East Texas State Teachers College in World War II
In Fall 2021 Texas A&M University-Commerce Department of History mounted a student-produced exhibit at the Audie Murphy/American Cotton Museum in Greenville, TX. East Texas State Teachers College in World War II (ETSTC in WWII) ran from November 15, 2021, through January 14, 2022.
The physical exhibit was a collaborative effort of graduate and undergraduate Public History students who researched items in the Velma K. Waters Library Special Collections and University Archives. The exhibit featured five displays covering campus involvement in U.S. military training at ETSTC, educational changes on campus during and post-war, the involvement of the faculty, students, and staff in the national efforts of war bonds and rationing, as well as a section on letters to/from home. Exhibit highlights include:
- Letters sent from John Garland Smith and Jewel Kennemer to Gretchen Howell, an ETSTC librarian during WWII
- Images from The Locust, the ETSTC yearbook (1941-1943)
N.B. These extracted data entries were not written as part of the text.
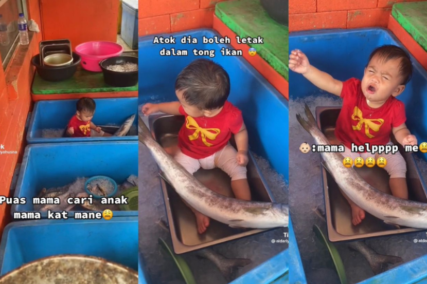 Setelah diperiksa, Husna ada bersama bapanya namun dia tidak menyangka si kecil itu diletakkan di dalam bekas sejuk beku yang mengandungi ikan.
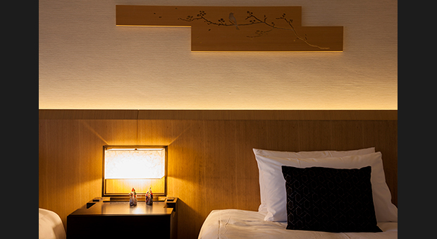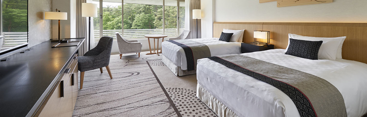 クラブフロアの7階に位置し、幅1,220mmのベッドを2台備えた39.6㎡の客室です。窓際にゆとりあるソファが配置され、洛北の自然を感じる景色を眺めることができます。ベッドは米国で1881年の創業以来、つねに心地よい眠りを追求してきたシーリー社によるオリジナルベッドです。また快適にお過ごしいただくため、室内には49インチのテレビ、カプセル式コーヒーメーカーを備えています。バスルームはバスタブとは別に、独立したシャワーブースがある41.9㎡の客室タイプもございます。
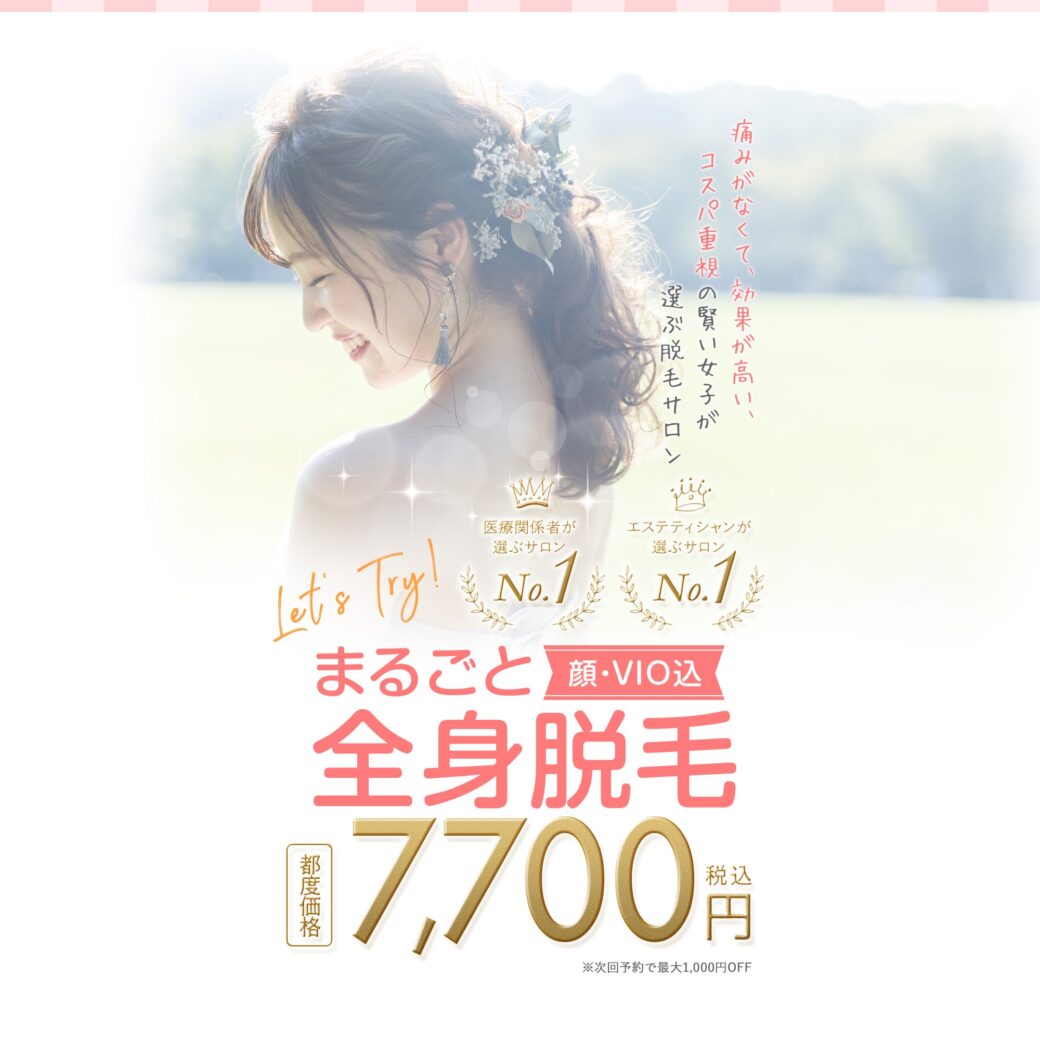 | 価格 | ・全身+VIO 5回 月々 1,200円*1 / 一括 69,300円 ・全身+VIO+顔 5回 月々 1,500円*1 / 一括 111,100円 |
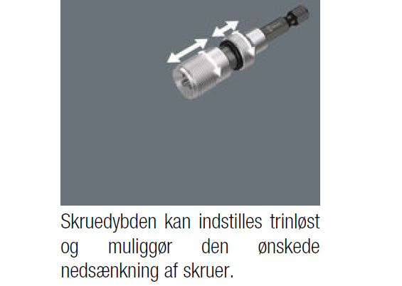 • Muliggør nedsænkning af skruer til overfladeniveau
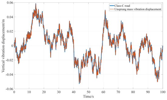 Time-domain comparison between Class-C road profile and unsprung mass vibration displacement.
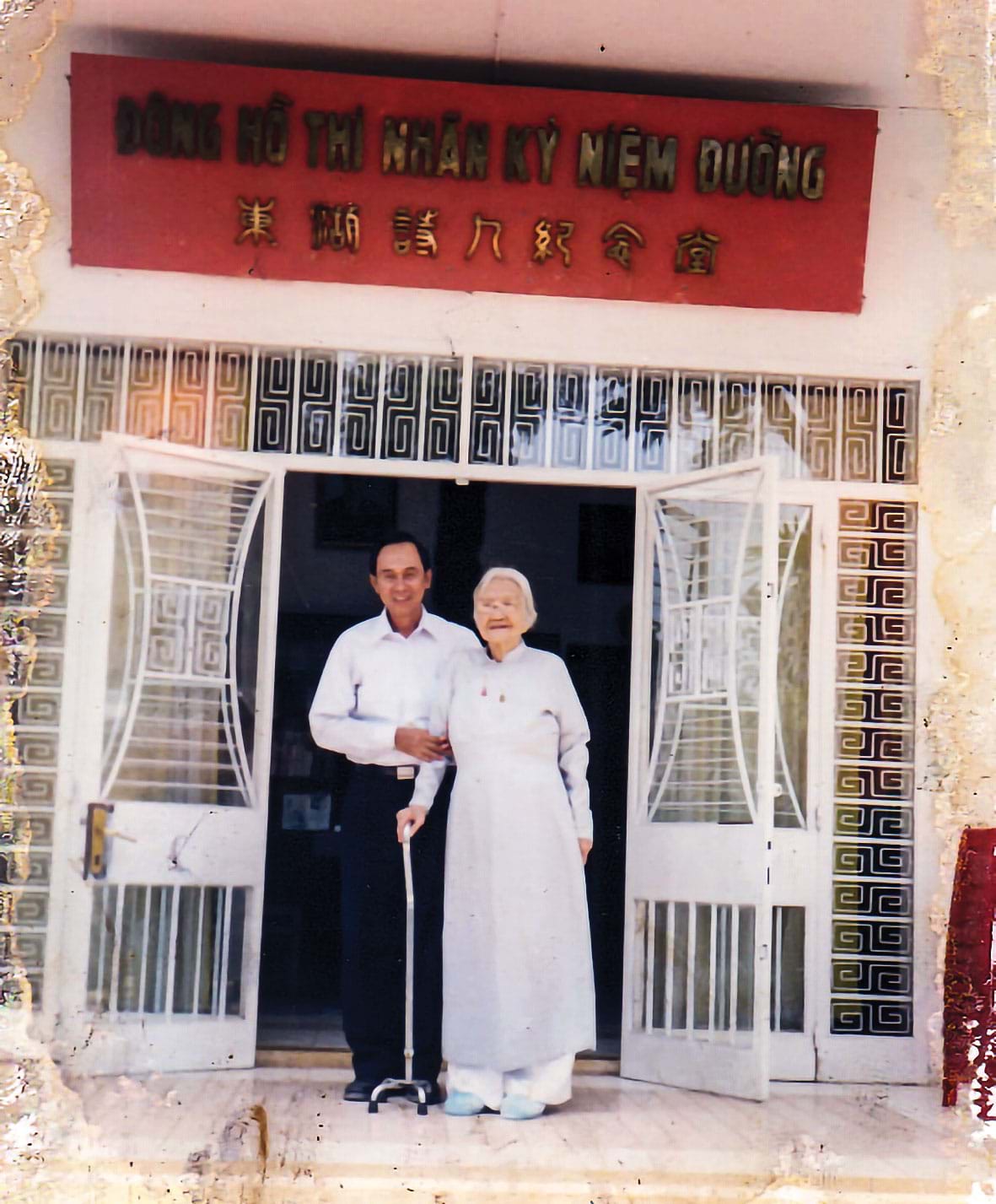 Nữ sĩ Mộng Tuyết (những năm cuối đời) và nhà giáo Lâm Hữu Tài trước Đông Hồ thi nhân kỷ niệm đường. Ảnh tư liệu
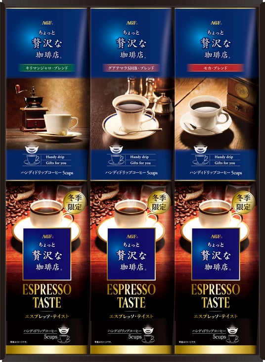 定番のカフェオレ、紅茶オレなどに加え、冬季限定のリッチ ミルクカフェオレ、ヘーゼルナッツオレを詰め合わせた《AGF(R)「ブレンディ(R)」スティック ウィンターカフェオレコレクション》、厳選された良質のコーヒー豆を丁寧に深煎りし、スイーツと相性が良くしっかりとしたコクが感じられる冬季限定のエスプレッソ・テイストをセットした《AGF(R)「ちょっと贅沢な珈琲店(R)」ドリップコーヒー ウィンターギフト》を新発売します。また、産地ごとの様々な味わいがブラックでもミルク入りでも楽しめるセットとして、フォーマル向けの贈答にも適した《AGF(R)「ちょっと贅沢な珈琲店(R)」スティック アソートギフト》や、ブラックとカフェオレタイプのアソートにより嗜好性をカバーし、幅広く贈答に対応できる人気の《AGF(R)スティック カフェオレ&ブラック アソートギフト》、産地別に特長の違う深い香りとコクが愉しめるブラックタイプの《AGF(R)「ちょっと贅沢な珈琲店(R)」スティックブラックギフト》も継続展開します。
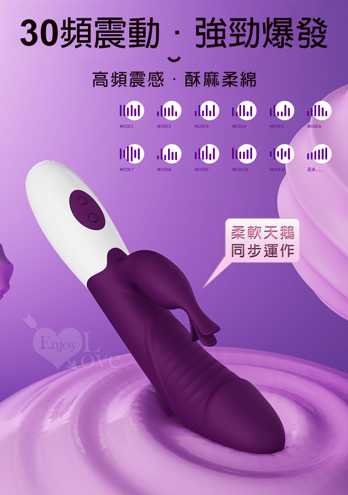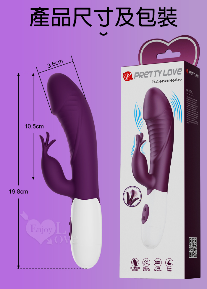 PRETTY LOVE 派蒂菈 ‧ 飛天鵝 雙重強震 內外同享30頻老二頭按摩棒-深紫 Rasmussen

- Letters from President Whitley to the faculty
- Reproductions of posters from the U.S. Office of War Information
This new digital exhibit allows for everyone to see how ETSTC responded to key themes in the national war effort. This exhibit conveys how the local community took part in national narratives and how this connected Hunt County residents and ETSTC students, faculty, and staff to the larger American drive for a successful outcome of the war.
The exhibit is divided into five categories where there was overlap in the primary source documents in the Gretchen Howell Collection, the University History Vertical File, the Board of Regents Minutes, and the Office of War Information posters. The categories of War Bonds, Rationing, Military Training at ETSTC, Letters Home and Morale, and Education enable the use of ETSTC primary source documents – the letters, memoranda, photographs, meeting minutes, etc. – in conjunction with the posters from the Office of War Information. This exhibit uses posters to tie the local document to the national efforts. The posters are the representation of what the government/federal/national message was and the university documents and photographs illustrate how ETSTC responded and fit into these messages tying the local history to the national history of World War II.
The final section of this exhibit showcases the students and the process of mounting a physical exhibit at The Audie Murphy/American Cotton Museum. Including the physical preparation of exhibit items, presenting at a conference, and an Opening Reception at the museum.